Field of Science

Hunting up the ghosts of elements

This post originally appeared at the UNESCO International Year of Light's blog, in October 2015.  The site is no longer available.

Interior of an antique spectroscope.
If you’ve seen the flash of yellow-orange flames when a pot boils over on a gas stove, you’ve gotten a glimpse of the ghost of an atom.  The color is part of the atom’s spectrum.

In the late 17th century, Isaac Newton used the Latin word for ghost, spectrum, to describe the bands of colors he saw when light shone through a prism. One hundred and fifty years later, Joseph von Fraunhofer noticed he could see bright lines instead of the bands of colors when looking at certain flames through a prism.  He went on to develop an instrument to measure these spectral lines, called a spectroscope, and used it to catalog the lines seen in the sun’s light and in the light from other stars.

It would take almost another fifty years to figure out that Fraunhofer’s lines were the ghosts of chemical elements, when Gustav Kirchhoff and Robert Bunsen (the inventor of the ubiquitous Bunsen burner) teamed up to create a spectroscope that used Bunsen’s new hotter, gas burner to ignite the samples.  They noted that that each element produced a characteristic set of lines when burned, a spectral fingerprint, that could be used to identify it.

In October of 1860, Kirchhoff and Bunsen announced they had used their spectroscope to discover a new chemical element, which they named cesium, for the blue color of its principal line. Chemists quickly began to use Bunsen’s spectroscope to find new elements.  A few months later Kirchhoff and Bunsen found two bright ruby red lines in an extract of a silicate mineral lepidolite, the spectral traces of another new element, rubidium.

Thallium’s ghostly green emanations were first observed by William Crookes, indium, ironically named for its violet lines by its color blind discoverer Ferdinand Reich.  Paul-Émile Lecoq de Boisbaudran spectroscopically identified element 66 in a sample painstakingly extracted from his marble hearth, and instead of naming it for the colors of the lines, called it dysprosium, from the Greek for “hard to get” — because it was.

Hunting for new elements spectroscopically meant you didn’t actually need to have any of it in your lab or even on your planet, as long as you could observe the light from a burning sample.  In 1868 several chemists and astronomers independently observed a faint line in the spectrum of the sun, and assigned it to a new element, helium, which as far as they knew did not exist on earth.  It would take nearly 30 years for two Swedish chemists to confirm that it was present on earth — by matching the spectrum with that of a gas found in a uranium ore.  (The helium to be found on earth comes from radioactive decay.)

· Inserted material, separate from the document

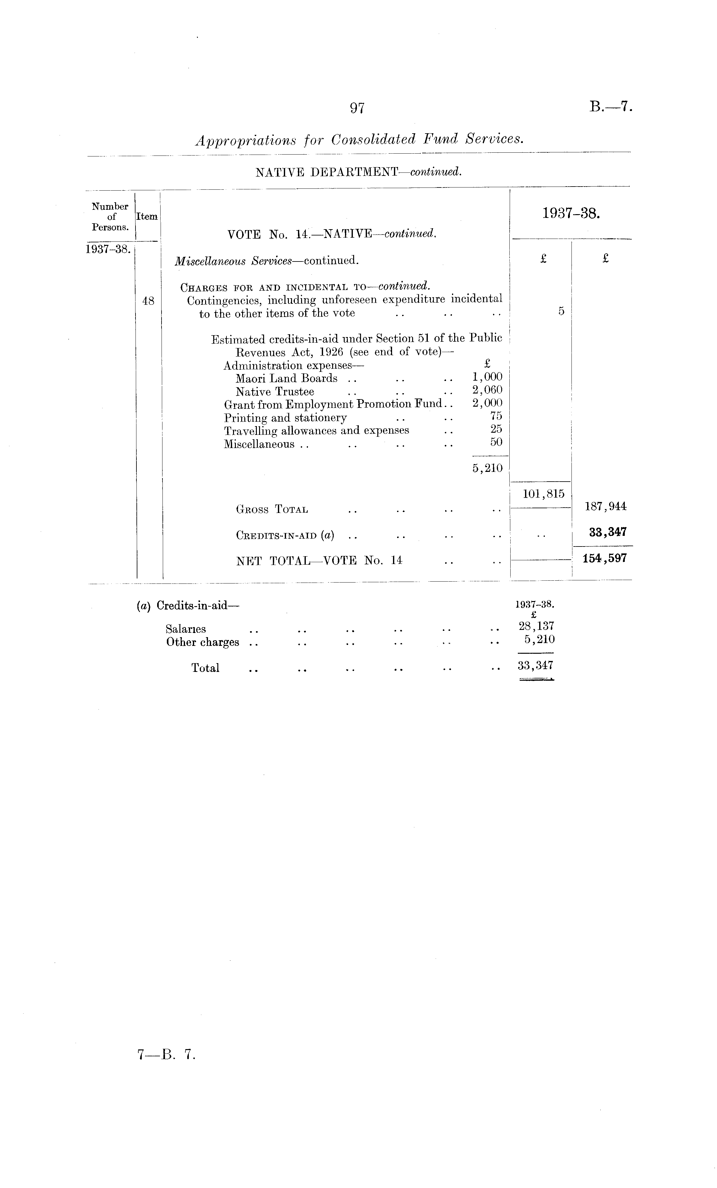 Number 1QQ7 QO of Item lyoi-oo. Persons " VOTE No. 14. —NATIVE —continued. _ 1937-38. Miscellaneous Services —continued. £ £ Charges for and incidental to —continued. 48 Contingencies, including unforeseen expenditure incidental to the other items of the vote .. .. . • 5 Estimated credits-in-aid under Section 51 of the Public Bevenues Act, 1926 (see end of vote) — Administration expenses — £ Maori Land Boards .. .. .. 1,000 Native Trustee .. .. •• 2,060 Grant from Employment Promotion Fund.. 2,000 Printing and stationery .. .. 75 Travelling allowances and expenses .. 25 Miscellaneous .. .. .. • • 50 5,210 101,815 GROSS Total .. .. .. •• 187,944 Credits-in-aid (a) ., .. .. •• •• 33,347 NET TOTAL—VOTE No. 14 .. .. 154,597
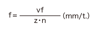 1刃当たりの送り量(fz)=vf÷(Z×n)

Spectroscopy certainly helped chemists fill out the periodic table, adding more than a dozen new elements to the collection.  But it also played a significant role in confirming predictive power of periodicity. When Dmitri Mendeleev proposed his version of the periodic table, he left blanks for yet-to-be-discovered elements, underneath elements which should have similar properties.  In 1875, Lecoq, the same man who had so patiently extracted dysprosium from his fireplace, sifted through 4 metric tons of  zincblende to show that it contained traces of a new element which fit neatly into the space Mendeleev had reserved for it underneath aluminum.  Lecoq named the element gallium, in honor of his home, France, and perhaps playing off his own name, as the Latin for le coq, the rooster, is gallus.  It was a powerful demonstration of Mendeleev’s theory.

These ghostly lines produced by elements helped fuel yet another critical discovery that would have far reaching consequences for chemists’ understanding of the periodic table:  quantum mechanics.  Niels Bohr’s quantum mechanical model of the atom opened the door to explaining chemical elements line spectra. Though more accurate and sophisticated quantum mechanical models of the atom now exist, Bohr’s model showed the relationship between the lines and an atom’s electron by insisting that the electrons’ energies were quantized, that is, they could only have certain energies.

So why do atoms have ghosts?  When an atom is heated to high temperatures, as in a flame, the energy it absorbs excites its electrons.  You can think of the electrons in an atom as being on an energy ladder.  They can only have energies that match the rungs of the ladder, and each type of atom has a unique arrangement of the rungs.  When the atom absorbs energy, its electrons move to higher rungs.  Excited electrons are unstable. They quickly return to their original arrangement, giving off some their excess energy in the form of light as they do.  The color, the wavelength) of the light emitted depends on the difference in energy between the rungs.  The colors of light emitted are the ghosts of the energy rungs.  Since each element has a unique pattern of rungs, it will have a unique spectrum of emitted light and so revealing their presence to the sharp eyes of spectroscopists.

Chemists still use the light emitted and absorbed by atoms and molecules to identify their presence.  We hunt for the structure of the universe in its ghosts.

More Information

If you want a way to see the ghosts of atoms, try this DIY folding spectroscope you can attach to your phone. Use it to check out the light from a neon sign or from a street light!

For a wonderful description of the elements, including stories of how they were first discovered, read John Emsley’s Nature’s Building Blocks.